Hélène Cattet and Bruno Forzan's mind-bending, spy-vs-spy, Euro sci-fi action thriller is a movie that clearly loves movies, or at least the surface pleasures of movies. Reflection in a Dead Diamond is comprised of images rather than ideas. It's a cheeky send-up of spy movie conventions, but whatever satirical elements it has feel very secondary to a desire to play with all the fun stuff in spy movies without having to write a script. Not that there's no story to this movie. There kinda is.

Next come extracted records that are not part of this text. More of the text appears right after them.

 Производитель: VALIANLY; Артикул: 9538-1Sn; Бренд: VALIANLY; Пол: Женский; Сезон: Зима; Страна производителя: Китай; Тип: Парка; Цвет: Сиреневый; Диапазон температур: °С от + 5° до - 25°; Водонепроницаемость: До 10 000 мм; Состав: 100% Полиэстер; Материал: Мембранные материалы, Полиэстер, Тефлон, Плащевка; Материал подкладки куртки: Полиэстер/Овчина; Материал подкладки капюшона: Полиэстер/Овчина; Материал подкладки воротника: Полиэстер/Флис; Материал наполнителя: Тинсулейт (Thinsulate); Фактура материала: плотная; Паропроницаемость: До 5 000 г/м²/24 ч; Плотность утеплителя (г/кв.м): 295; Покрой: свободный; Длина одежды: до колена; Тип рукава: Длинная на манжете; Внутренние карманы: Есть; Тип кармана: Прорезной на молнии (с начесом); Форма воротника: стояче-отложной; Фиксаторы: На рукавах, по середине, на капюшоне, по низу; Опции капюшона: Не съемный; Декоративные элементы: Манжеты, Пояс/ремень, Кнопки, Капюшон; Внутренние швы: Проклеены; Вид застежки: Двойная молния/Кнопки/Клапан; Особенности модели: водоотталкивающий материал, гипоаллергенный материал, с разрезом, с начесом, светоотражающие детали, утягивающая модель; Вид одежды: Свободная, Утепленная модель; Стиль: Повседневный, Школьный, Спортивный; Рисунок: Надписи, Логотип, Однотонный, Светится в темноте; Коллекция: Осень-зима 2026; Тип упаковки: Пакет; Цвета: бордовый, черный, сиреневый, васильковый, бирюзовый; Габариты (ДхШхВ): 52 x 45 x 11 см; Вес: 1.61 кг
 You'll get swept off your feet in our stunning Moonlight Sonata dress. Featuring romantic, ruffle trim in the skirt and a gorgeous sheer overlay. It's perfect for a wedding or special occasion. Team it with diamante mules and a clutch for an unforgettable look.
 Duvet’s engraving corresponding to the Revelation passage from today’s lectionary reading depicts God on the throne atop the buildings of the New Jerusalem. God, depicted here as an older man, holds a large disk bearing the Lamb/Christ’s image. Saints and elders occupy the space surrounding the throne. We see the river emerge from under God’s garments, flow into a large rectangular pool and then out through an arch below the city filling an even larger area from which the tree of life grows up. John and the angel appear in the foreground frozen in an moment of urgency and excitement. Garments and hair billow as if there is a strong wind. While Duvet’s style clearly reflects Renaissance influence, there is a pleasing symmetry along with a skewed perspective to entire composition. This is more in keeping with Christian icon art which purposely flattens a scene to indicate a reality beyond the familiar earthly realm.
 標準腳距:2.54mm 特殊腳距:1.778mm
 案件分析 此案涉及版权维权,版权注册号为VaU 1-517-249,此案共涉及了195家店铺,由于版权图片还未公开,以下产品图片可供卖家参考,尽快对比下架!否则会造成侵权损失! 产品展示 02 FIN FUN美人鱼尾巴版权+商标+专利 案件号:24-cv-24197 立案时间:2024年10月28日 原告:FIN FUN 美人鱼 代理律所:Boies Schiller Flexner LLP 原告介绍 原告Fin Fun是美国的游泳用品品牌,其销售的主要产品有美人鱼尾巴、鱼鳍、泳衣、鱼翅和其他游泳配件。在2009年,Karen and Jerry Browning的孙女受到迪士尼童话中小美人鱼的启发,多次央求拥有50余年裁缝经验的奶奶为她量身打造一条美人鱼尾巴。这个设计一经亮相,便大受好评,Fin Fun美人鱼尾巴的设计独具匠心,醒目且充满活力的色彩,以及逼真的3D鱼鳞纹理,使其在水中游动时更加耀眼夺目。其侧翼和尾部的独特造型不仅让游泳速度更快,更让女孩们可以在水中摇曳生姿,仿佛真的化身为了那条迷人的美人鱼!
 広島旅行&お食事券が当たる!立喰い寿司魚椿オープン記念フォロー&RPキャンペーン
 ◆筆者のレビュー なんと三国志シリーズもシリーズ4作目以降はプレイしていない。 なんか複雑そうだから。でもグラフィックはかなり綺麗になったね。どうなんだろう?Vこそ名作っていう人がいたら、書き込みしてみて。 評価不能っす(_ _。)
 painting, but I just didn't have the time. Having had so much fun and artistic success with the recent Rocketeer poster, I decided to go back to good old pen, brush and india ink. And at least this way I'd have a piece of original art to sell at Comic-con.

Fabio Testi plays John Diman, a 70-year-old ex-spy whose a cross between late-career Marcello Mastroianni and the "The Most Interesting Man in the World" from those Dos Equis commercials. At least that's what he seems like when we first see him living in a luxury hotel on the French Riviera. When the mysterious woman in the room next door disappears, it sends him, or maybe us, into his memories, where we see him as his younger self. Yannick Renier plays Diman's younger self, a slick, sexy, 007-type agent. Or maybe he's a comic book character chasing a shapeshifting female assassin. Or maybe both are just actors playing roles in a film. This is the kind of movie that doesn't care how you interpret it; it just wants you to think it's cool. Thi Mai Nguyen plays the female assassin, Serpentik. She sure looks cool, and there's a lot we could read into her characterization as an anti-Bond Girl, or perhaps the vengeful collective spirit of every actress who has had to play a Bond Girl.

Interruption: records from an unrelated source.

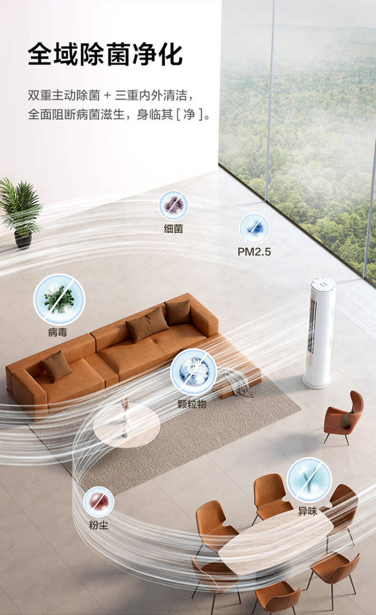 可以说,一键开启除菌功能,位于空调出风口顶部的净离子发生器,释放出净离子,产生高电能破坏细菌细胞膜和病毒蛋白质,分解后还原成水分子,从而实现阻断病菌传播、分解消散异味、防敏降尘的作用,将室内空气中的病毒和细菌一扫而光,再也不用担心室内空气质量不佳危害家人身体健康了。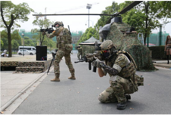 随后,现场开启的活动则让学生们恍然大悟——原来这是该校纪念抗战的校园版阅兵开学礼。有现场目击者称,阅兵式正式开启时,有荷枪实弹的大兵从机舱内鱼贯跳出,然后迅速进行了侦察演练的表演,威慑力十足,其后运送神秘军事物品的情景演出,也引爆全场。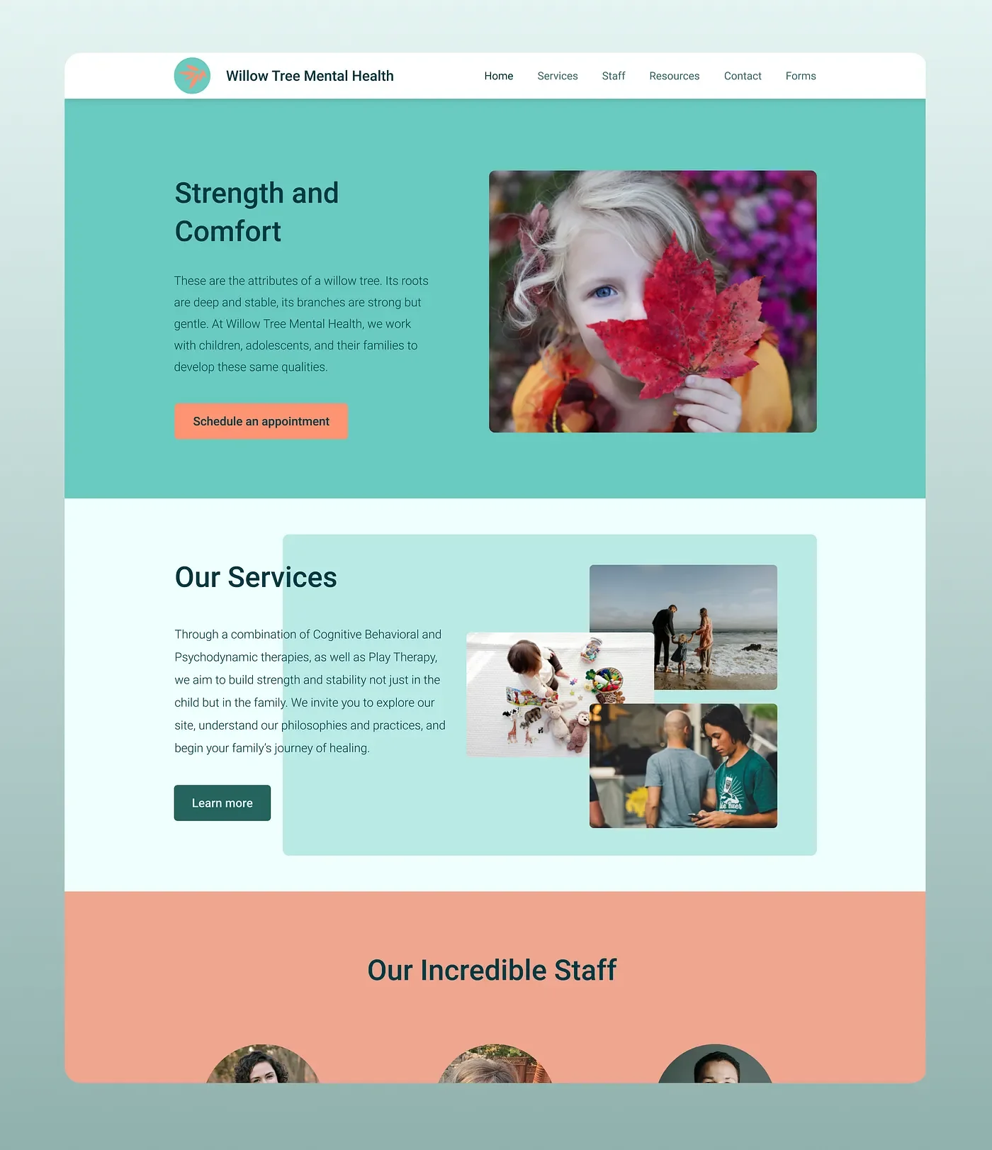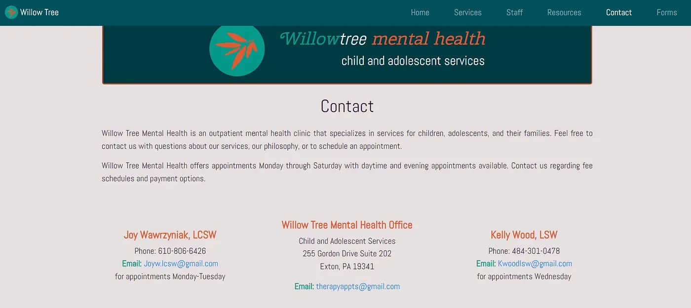 Check it out! The updated site is live and working at http://www.willowtreementalhealth.com/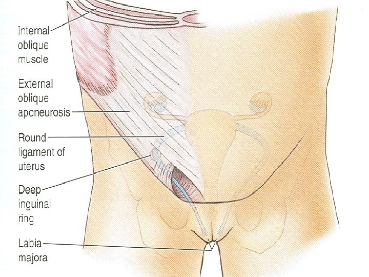 Functions of Inguinal Canal • It allows structures of spermatic cord to pass to and from the testis to the abdomen in male • Permits the passage of round ligament of uterus from the uterus to the labium majus in female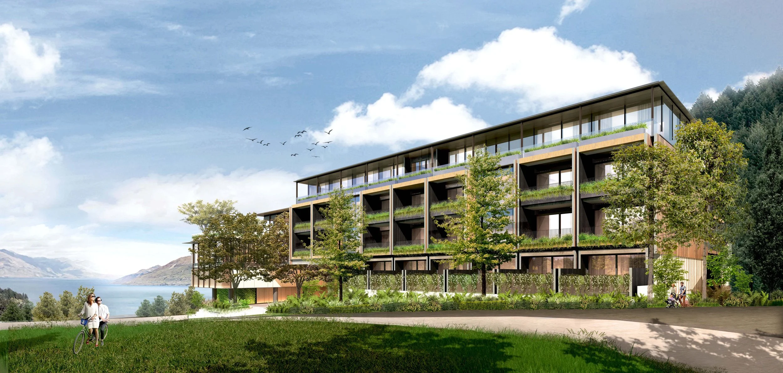 The design transforms a vacant parking site into a contemporary hospitality landmark that harmonises with its residential surroundings while contributing to the town’s growth. Located a short walk from the town centre, the development embraces Queenstown’s new zoning strategy, which supports higher density and future urban vibrancy.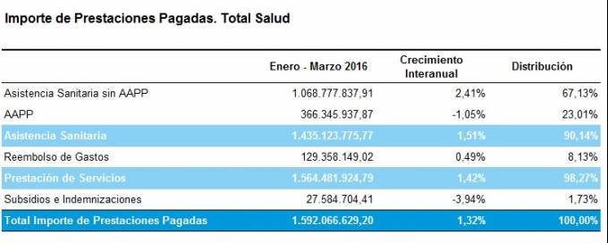 Las prestaciones pagadas por el seguro de Salud crecen un 1,32% en el primer trimestre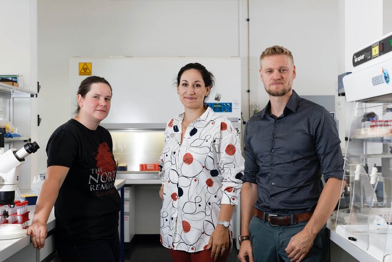 Deana Mohr (Bildmitte) ist CEO und Mitbegründerin von MUVON Therapeutics, einem Spin-off der UZH. Deana Mohr wurde im Rahmen eines UZH Entrepreneur Fellowship bei ihrer Firmengründung unterstützt. Ausserdem im Bild: Die beiden Co-Gründer Jenny Prange und Steve Kappenthuler.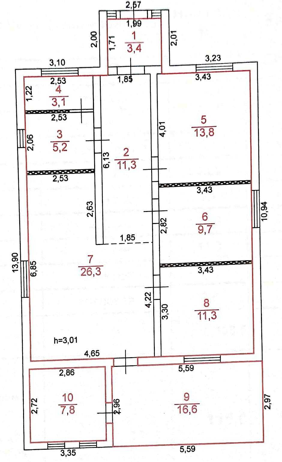 Жилая площадь 63.1 м2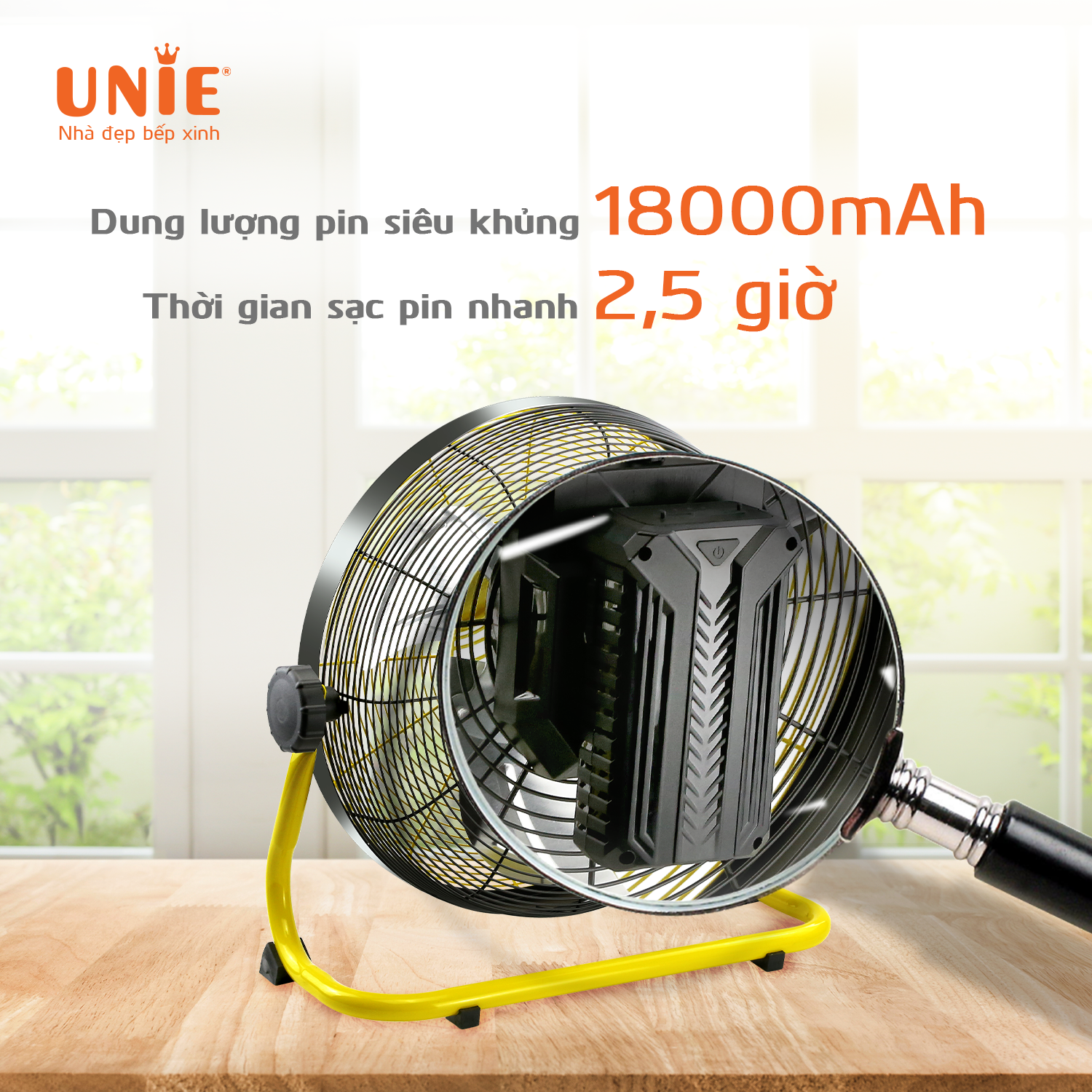 UE-880 sử dụng Pin sạc Lithium có độ bền và tuổi thọ dài, có thể tháo rời thuật tiện cho việc sạc thiết bị ở bất kì đâu. Thời gian sạc pin chỉ 2,5h. Dung lượng pin siêu khủng: 18000mAh. Bạn có thể sử dụng trong trường hợp mất điện dài: hoạt động liên tục từ 3,5h đến 20h tuỳ vào tốc độ gió mà bạn chọn.

The directors have come up with some amazing transitions from shot to shot, scene to scene, reference point ot refrecne point, but what purpose do these shots and edits serve? Cool transitions felt inventive back in the heyday of MTV and creative British advertising. Sexy images and flashy editing for the sake of sexy images and flashy editing work much better in the three-minute music video or the 30-second commercial formats. A feature film needs more to sustain our interest throughout its running time.
Of course, there are some movies of this sort that I enjoy, but few have scenes where the actors (or characters) are seen behind the scenes of the movie they're making. How Meta! This type of forthwall breaking felt radical fifty years ago; now it just feels like something from the bottom of the old bag of tricks. Once we got to the leads in between takes, I was ready to leave.

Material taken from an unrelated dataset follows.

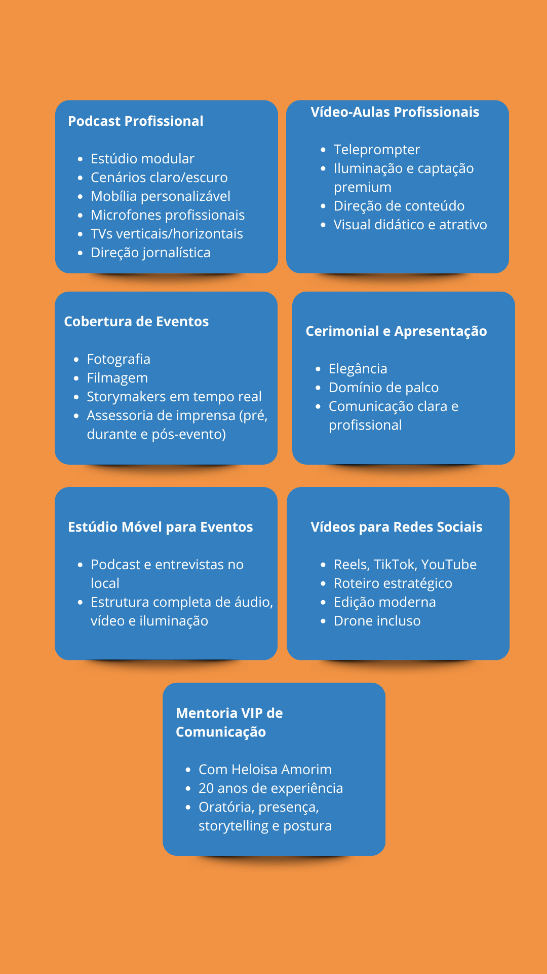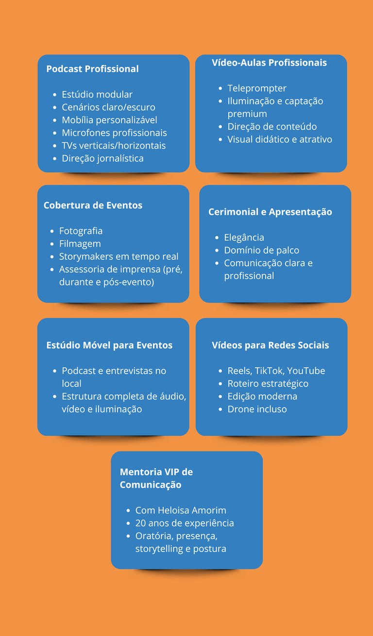 Produção de podcasts, vídeo-aulas, vídeos para redes sociais, coberturas de eventos e comunicação estratégica tudo com estrutura profissional e direção especializada.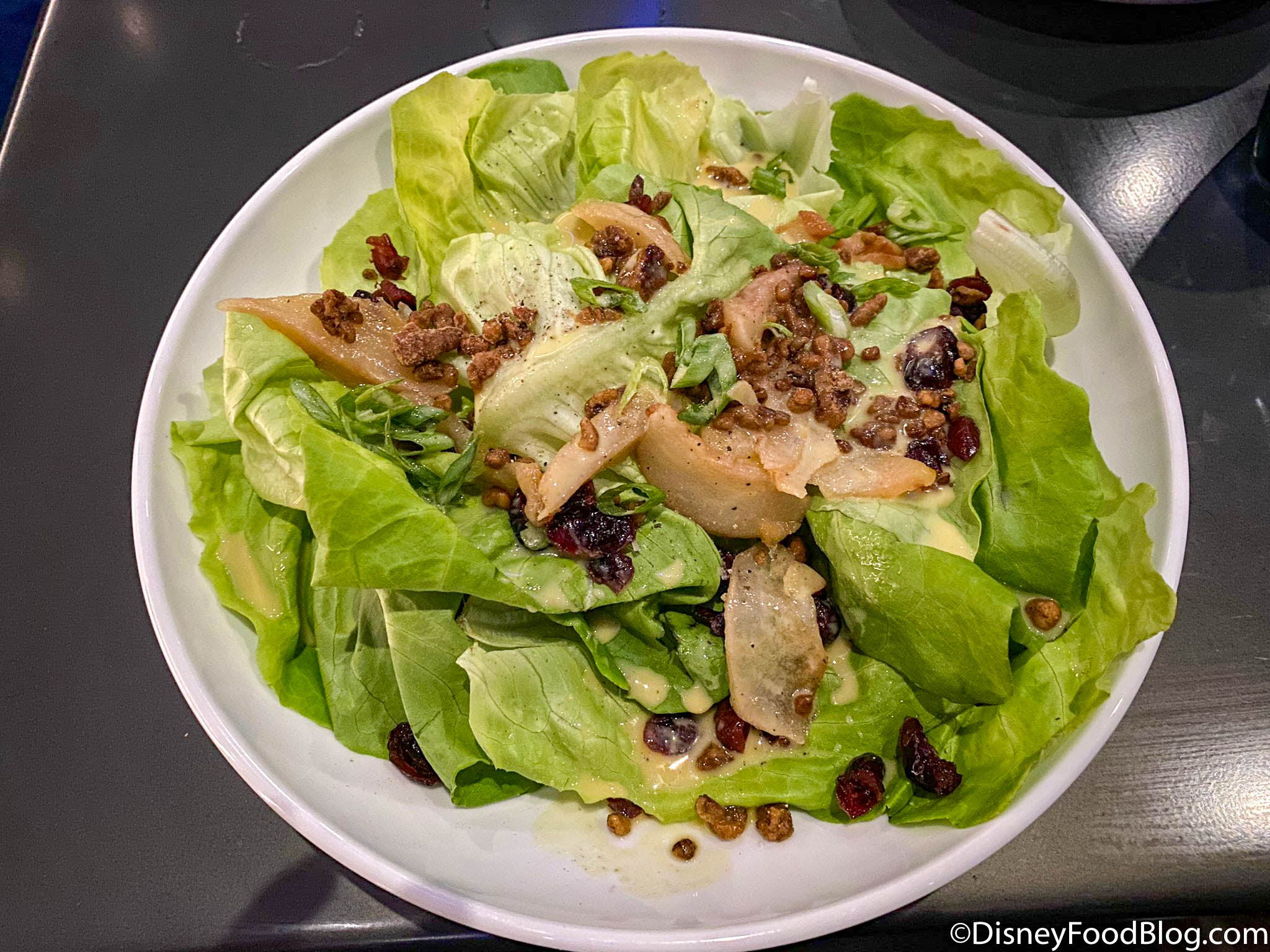 The Space Greens totally surprised us; we thought this dish was really good! This dish includes Bibb Lettuce, Dried Cranberries, Roasted Pears, Spiced Pecans, and Apple Cider Dressing.

This is one of those movies I imagine real-life villains having on a loop, playing on giant TVs as wallpaper in their palatial homes to make them seem hip. But to sit and watch? The zippy, high-energy, visually stimulating 87 minutes just crawl by. Still, I would have given these directors an extra half-star for their cleverness had I not watched Bi Gan's latest film, Resurrection, the next night. Seeing another unconventional narrative about movies, memories, and genre tropes that completely captivated me for 2 hours and 40 minutes made me all the more resentful of this dead diamond upon reflection.
If you love this, I've got a wicked-cool Diet Coke commercial from the ‘80s to show ya!